Minas Gerais

COVID-19

“Situação é dramática. Postura do governo é premeditada de deixar a doença espalhar”

Unaí Tupinambás avalia os índices da pandemia em Belo Horizonte e a possiblidade da chegada da terceira onda

Belo Horizonte | Brasil de Fato MG |

Ouça o áudio:

"Se a terceira onda se concretizar, não é só por conta da nova variante" - Créditos da foto: Daniel Protzner / ALMG

Talvez não seja uma terceira onda, mas uma inundação. A avaliação é do médico infectologista Unaí Tupinambás, professor do Departamento de Clínica Médica da Universidade Federal de Minas Gerais (UFMG) e membro dos comitês de enfrentamento à covid-19 da Prefeitura de Belo Horizonte e da UFMG.
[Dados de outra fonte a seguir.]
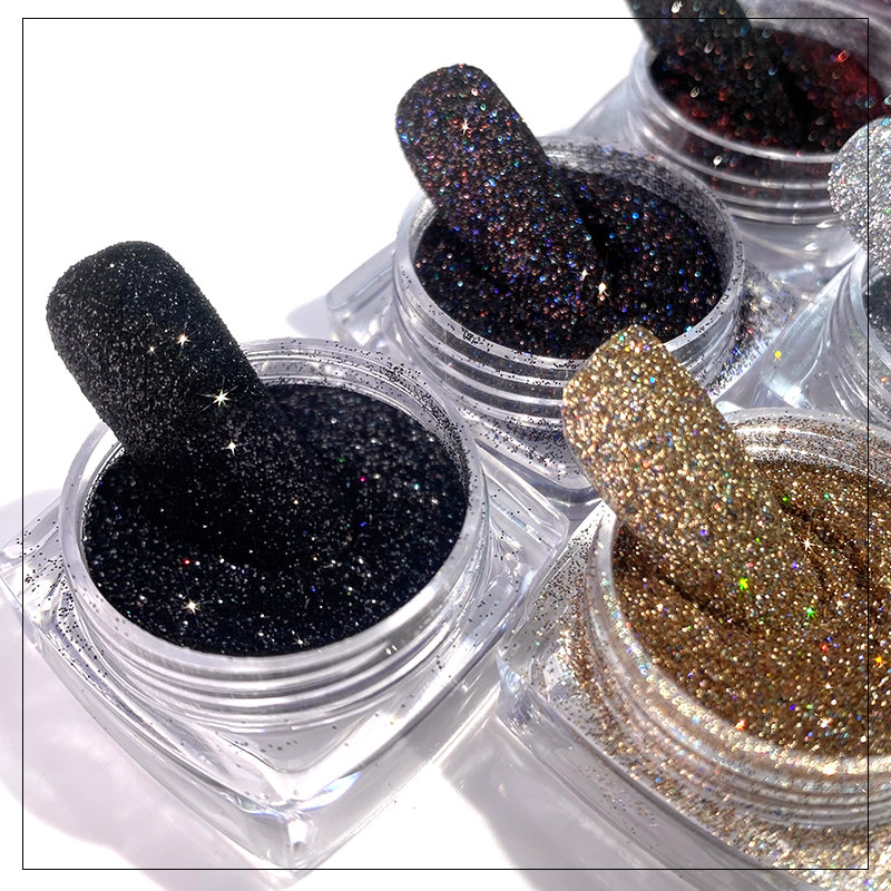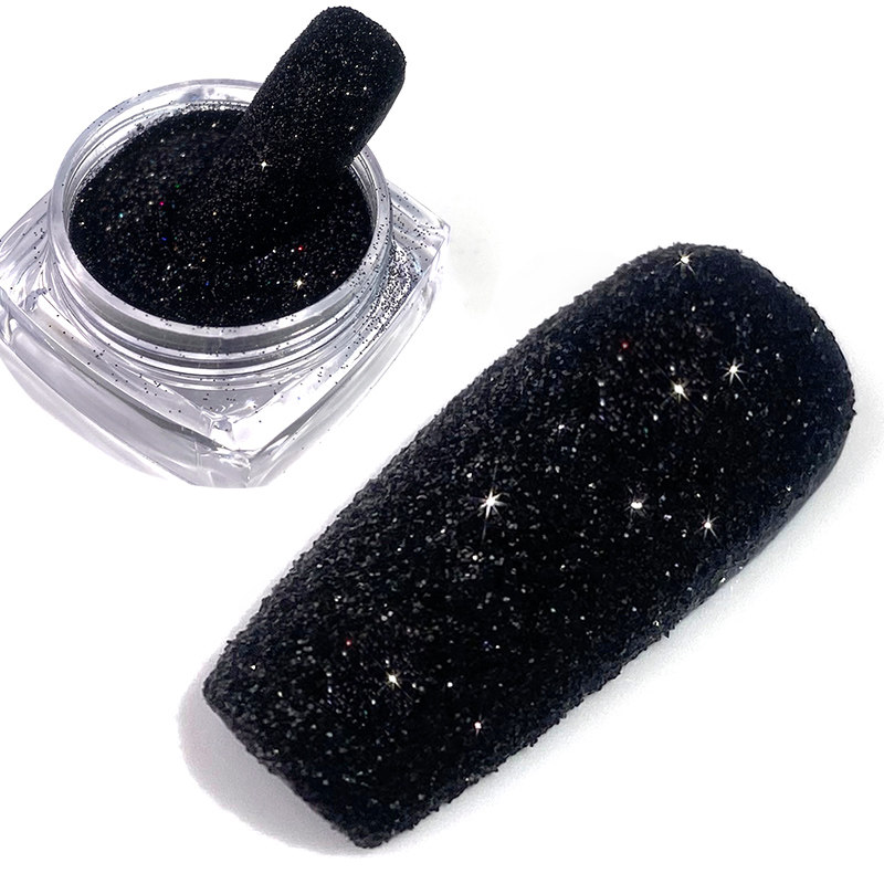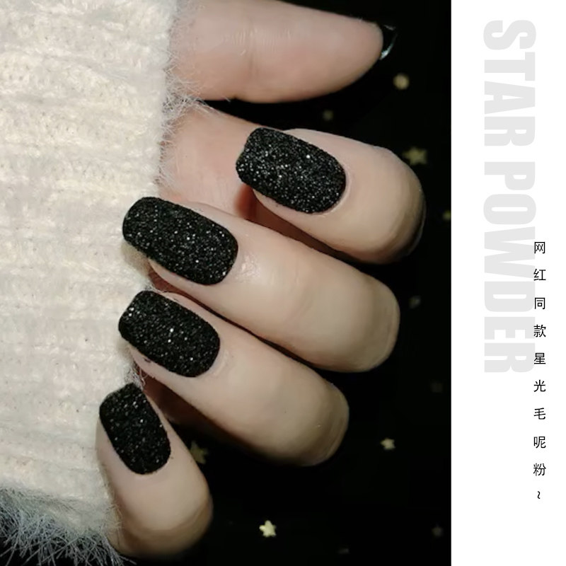 黑色星光粉美甲网红毛呢粉2025年爆款闪粉饰品指甲装饰砂糖雪绒粉

Em conversa com o Brasil de Fato MG, Unaí avalia os índices atuais da pandemia na capital, relacionadas ao contágio e a à ocupação de leitos. Frente à realidade do Sul de Minas Gerais, e de outros estados brasileiros, que sofrem com o colapso do sistema de saúde, o médico acredita que a solução é lockdown, vacinação em massa, manutenção do distanciamento social e uso de máscara, e, acima de tudo, auxílio emergencial decente para a população.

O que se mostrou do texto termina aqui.